Disabling SSL Certificate Check

⚠️ Danger ⚠️

Disabling certificate checking is not part of regular use of Rusoto. There are very few legitimate reasons to disable default behavior. Production use of Rusoto should not use the behavior documented on this page. Use of AWS services should not disable certificate checking.

Use this only if you know what you're doing.
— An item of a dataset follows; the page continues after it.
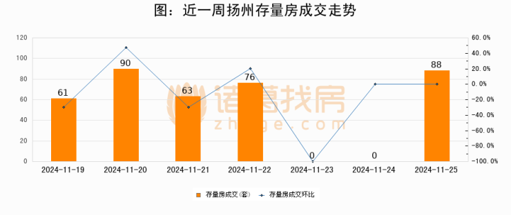 从存量房来看,2024年11月25日扬州存量房单日成交88套,比昨日增加88套,环比上涨0%。从近一周存量房成交来看,扬州存量房日均成交套数为54套,11月25日单日成交88套,高于近一周平均水平63%。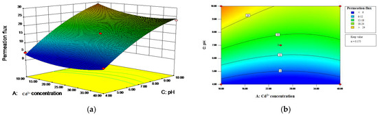 According to the F values in Table 7, the factors’ impacts on the permeation flux are in the following order: Cd2+ concentration < α < pH. In addition, the P values in Table 8 show that the effects of α and the pH on J are extremely significant; the effect of the Cd2+ concentration on J is insignificant; that the effects of the quadratic terms (A2, B2 and C2) of the Cd2+ concentration α and the pH on J are extremely significant and that the effects of the interactions between the Cd2+ concentration and α (AB), and between α and the pH (BC), on J are very significant.

Opting out of certificate checking

The process of disabling an SSL cert check requires a few steps before using the services in Rusoto. The general steps are as follows:

  1. Create a TlsConnector using the TlsConnectorBuilder. Ensure the certificate check has been disabled. This is the important part!
  2. Create a HttpConnector, this is needed to implement the From trait on the HttpsConnector.
  3. Create a HttpsConnector using from, passing in the HTTP and TLS connectors.
  4. Create a Rusoto HttpClient using the from_connector method.
  5. Initialize a service using the new_with method.
  6. Build Things!
extern crate hyper;
extern crate hyper_tls;
extern crate native_tls;
extern crate rusoto_core;
extern crate rusoto_s3;

use hyper::client::HttpConnector;
use hyper_tls::HttpsConnector;
use native_tls::TlsConnector;
use rusoto_core::{DefaultCredentialsProvider, HttpClient, Region};
use rusoto_s3::{S3Client, S3};

fn main() {
    // 1. create tls connector which accepts invalid certs
    let tls_connector: TlsConnector = TlsConnector::builder()
        .danger_accept_invalid_certs(true)
        .build()
        .expect("failed to build tls connector");

    // 2. create http connector - make sure to not enforce http
    let mut http_connector = HttpConnector::new(4);
    http_connector.enforce_http(false);

    // 3. create https connector
    let https_connector = HttpsConnector::from((http_connector, tls_connector));

    // 4. create rusoto http client to be used in rusoto services
    let http_client = HttpClient::from_connector(https_connector);

    let cred_provider = DefaultCredentialsProvider::new().expect("failed to create cred provider");

    // custom region to talk to local service with a self-signed cert
    let local_region = Region::Custom {
        name: "us-east-1".to_owned(),
        endpoint: "https://localhost:8000".to_owned(),
    };
    // 5. initialize service clients with new http client
    let s3_client = S3Client::new_with(http_client, cred_provider, local_region);
    // 6. build!
    s3_client
        .list_buckets()
        .sync()
        .expect("failed to list buckets");
}

⚠️ Danger ⚠️

Do not use this for communicating to AWS services. Use this only for AWS-like services such as Ceph or Minio and generating trusted certificates is not possible.